Open macieyng opened 11 months ago

macieyng commented 11 months ago

Is your feature request related to a problem? Please describe. We've implemented tracing in our application. We have distributed tracing as well as internal tracing. Currently we want to reduce the cost of data ingested by Application Insights. The most common dependency that is being sent to AI are requests to *.documents.azure.com:443 and Container.query_items dependency. It's like 70% of everything we sent to AI. We run this for 6 months now and we see no anomalies, we learned from it what we wanted to learn and we no longer want to trace Cosmos related dependencies.

So far I didn't found any article that would describe how to suppress those spans. I was able to find how Container.query_items is created, but there's no if that could do the job. At the same time, I couldn't find how *.documents.azure.com:443 dependency is created - at first I assumed this is being made by RequestsIstrumentor, but OTEL_PYTHON_REQUESTS_EXCLUDED_URLS variable doesn't seem to be working for this dependency (I tried two regexes '[\w\d-]*\.documents\.azure\.com[:443]*.*' and .*.documents.azure.com:443.* - both seem to be valid).

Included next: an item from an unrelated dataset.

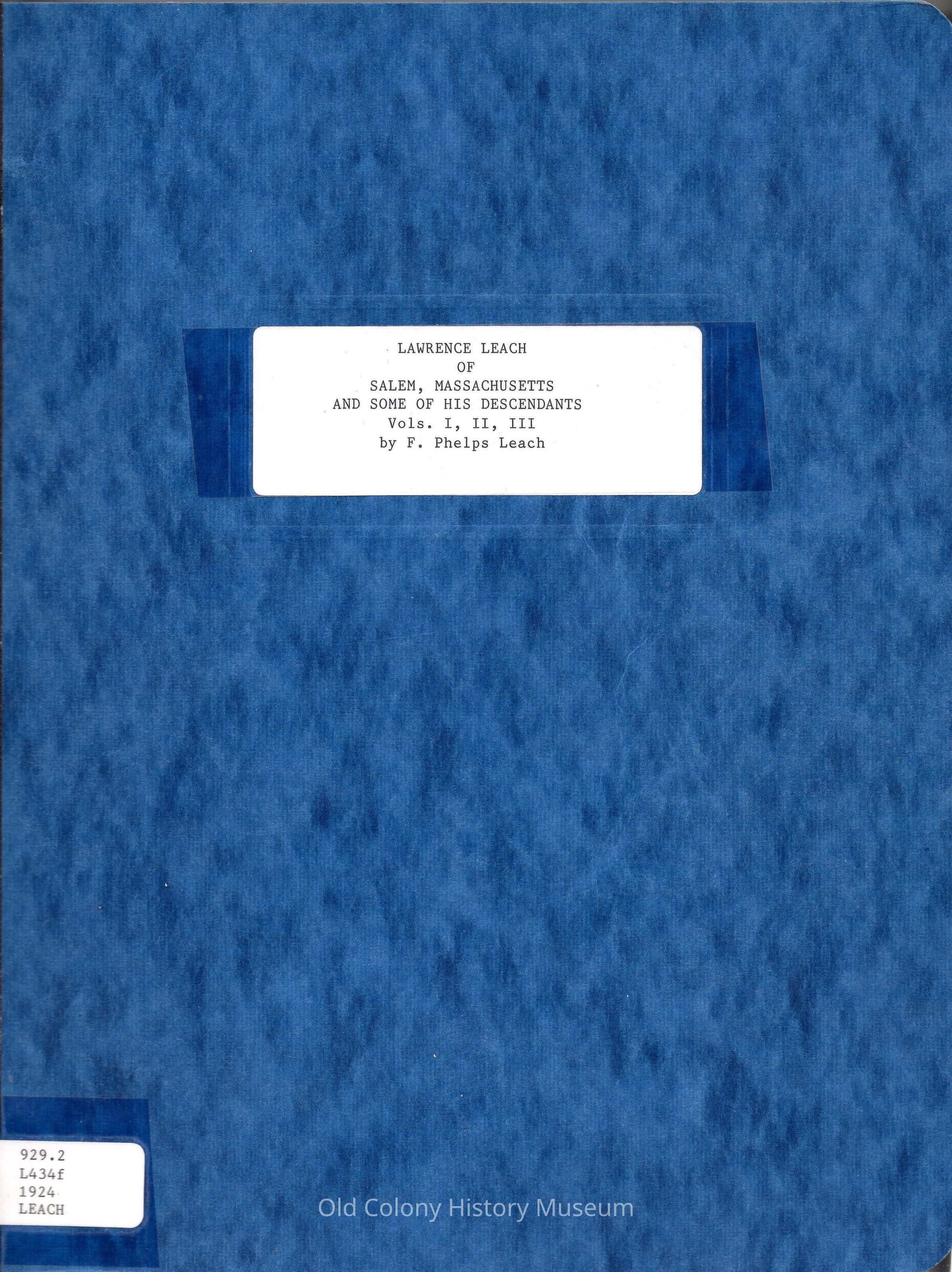 Lawrence Leach of Salem, Massachusetts, and Some of His DescendantsEntry/Object ID

Describe the solution you'd like

Describe alternatives you've considered I haven't.

Additional context I could work on this issue once it's decided what should be done. Mentioning @lzchen and @jeremydvoss as they know a lot about tracing in Azure.

lzchen commented 11 months ago

Just to get more context, you are using RequestsInstrumentor in conjuction with some Azure sdks (like Cosmos-db) correct? Could you paste a code snippet of the relevant components and sdk calls?

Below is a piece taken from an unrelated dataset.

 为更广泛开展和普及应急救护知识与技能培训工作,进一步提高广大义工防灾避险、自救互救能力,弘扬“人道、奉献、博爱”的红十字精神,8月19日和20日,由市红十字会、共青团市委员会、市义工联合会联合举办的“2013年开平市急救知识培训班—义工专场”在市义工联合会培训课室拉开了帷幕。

github-actions[bot] commented 11 months ago

Hi @macieyng. Thank you for opening this issue and giving us the opportunity to assist. To help our team better understand your issue and the details of your scenario please provide a response to the question asked above or the information requested above. This will help us more accurately address your issue.

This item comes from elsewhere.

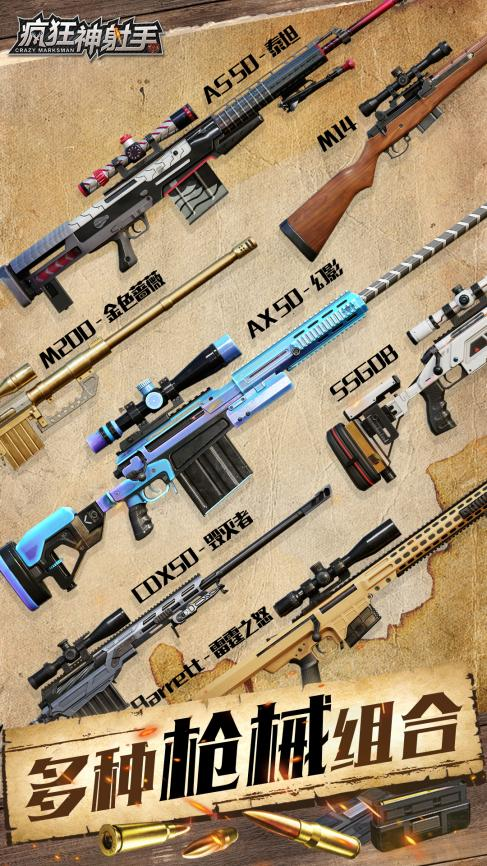 深入荒野,多种枪械组合,稀有子弹搭配,自由配件组装,进阶精英神射手。

macieyng commented 11 months ago

Sure.

So first of all, we have FastAPI app and Azure Functions app.

Dependencies

We use more or less similar SDKs, like:

azure-core = "<2.0"
azure-core-tracing-opentelemetry = "*"
azure-cosmos = "<5.0"
azure-functions = "<2.0"
azure-monitor-opentelemetry-exporter = "*"
azure-servicebus = "<8.0"
azure-storage-blob = "<13.0"
azure-storage-queue = "<13.0"

and OTEL deps currently at 1.19.0/0.40b

"opentelemetry-api",
"opentelemetry-instrumentation-asgi",
"opentelemetry-instrumentation-fastapi",
"opentelemetry-instrumentation-httpx",
"opentelemetry-instrumentation-redis",
"opentelemetry-instrumentation-requests",
"opentelemetry-instrumentation-sqlalchemy",
"opentelemetry-instrumentation",
"opentelemetry-sdk",

Setup

Our FastAPI setup:

def api_tracing(app) -> None:
    resource = Resource.create(
        {
            "service.name": os.getenv("WEBSITE_SITE_NAME", ""),
            "service.instance.id": os.getenv("WEBSITE_INSTANCE_ID", ""),
        }
    )

    # Configure tracing
    trace_exporter = AzureMonitorTraceExporter(disable_offline_storage=True)
    processor = BatchSpanProcessor(trace_exporter)
    sampler = ApplicationInsightsSampler(1.0)
    provider = TracerProvider(resource=resource, sampler=sampler)
    provider.add_span_processor(processor)
    otel_trace.set_tracer_provider(provider)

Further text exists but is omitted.